Molapo was one of the seven candidates who were contesting for the party’s leadership position but pulled out of the race days before the conference.

He then filed an urgent application with the High Court seeking to block the conference.

His application was heard on the day of the conference.

The court ruled that since the conference was already in progress it must be allowed to proceed.

It however indicated that Molapo could still challenge its legality.

And when he did the court ruled in his favour and declared the conference “irregular, null and void”.

That ruling nullified the election of ’Maseribane and his committee.

According to Justice Mahase’s ruling the BNP executive committee was supposed to have held the new conference on or before August 27.

When that did not happen Molapo filed a notice to lodge a contempt of court application against ’Maseribane and his committee on August 31.

Molapo told the Lesotho Times this week that he was “on top of the stars” following Justice Mahase’s judgment.

“I have at long last been vindicated. I will appreciate any penalty. I will whole-heartedly accept it if those people were to be jailed,” Molapo said of the BNP executive
committee.

“This will also serve as a lesson to those who undermined me to tread carefully and start respecting me.”

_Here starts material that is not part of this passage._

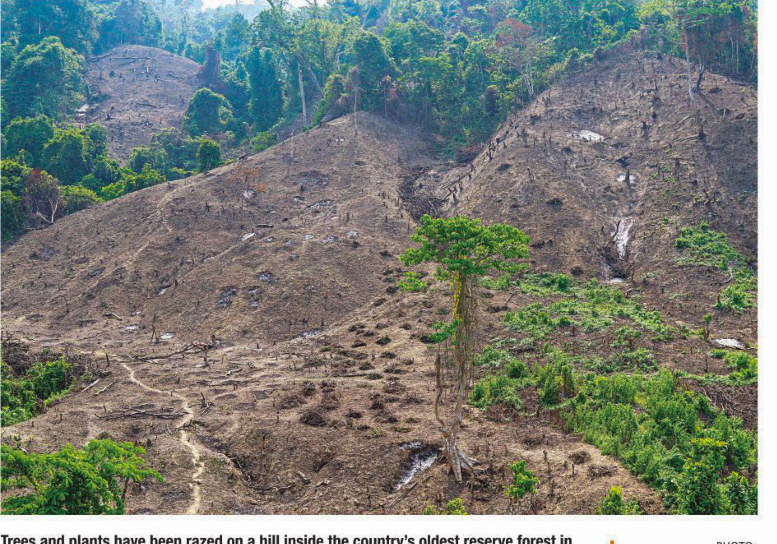
Trees and plants have been razed on a hill inside the country's oldest reserve forest in Kaptai upazila of Rangamati.

10 others hurt in the chaos in Phulpur OUR CORRESPONDENT, Mymensingh A VGF (Vulnerable Group Feeding) card seeker was killed and 10 others injured when a chaotic situation broke out during the distribution of the cards and VGF rice yesterday afternoon. The incident took place at Phulpur Mohila Degree College venue in Mymensingh. SEE PAGE 5 COL 2

Molapo also warned ‘Maseribane and his colleagues against hoping to maneuver their way out of the judgment by seeking an appeal.

“I hope they will not be misled into falling into another ditch of attempting to subvert the law by lingering on the fake hope of seeking an appeal against the judgment,”
Molapo said.

Meanwhile ‘Maseribane told this paper yesterday that the BNP executive was not going to“take this matter lying down”.

“We’re at the Court of Appeal as we speak. We’re here to seek an appeal to Justice Mahase’s Monday’s judgment,” ’Maseribane said.

“How has she found us to be guilty for contempt of court? On what grounds has the judge based her ruling?”

According to ‘Maseribane, Justice Mahase was biased in her ruling because the BNP executive had provided reasons why it had not convened the conference in question.

“In our replying affidavit to Majara Molapo’s contempt of court application, we provided reasons why the conference was not convened,” Maseribane said.

“We were never given a platform to state our case. But all of a sudden we are found to be in contempt of court.”

“Courts have the responsibility to assess all sides before issuing judgments, but obviously not in this case. Is there any justice in this matter?”

Matete said he was shocked to hear of Monday’s judgment because “we were not even aware it would be handed over”.

“We have no idea how Justice Mahase could issue a judgment when we did not even know that she would be doing it on the day,” Matete said.

“We’re here to seek an appeal against the judgment, for the Appeal Court to explain her decision and what it means.”

However, a notice of a “set down” dated September 27 which appears to have been received and signed for by the BNP legal team, K E M Chambers on September 27 and seen by the Lesotho Times, indicates that the BNP executive knew of the court’s sitting on October 3.

“Kindly take notice that the above matter has been set down for hearing on 3rd October 2011 at 08:30 am or soon thereafter as the matter may conveniently be heard,” the notice reads.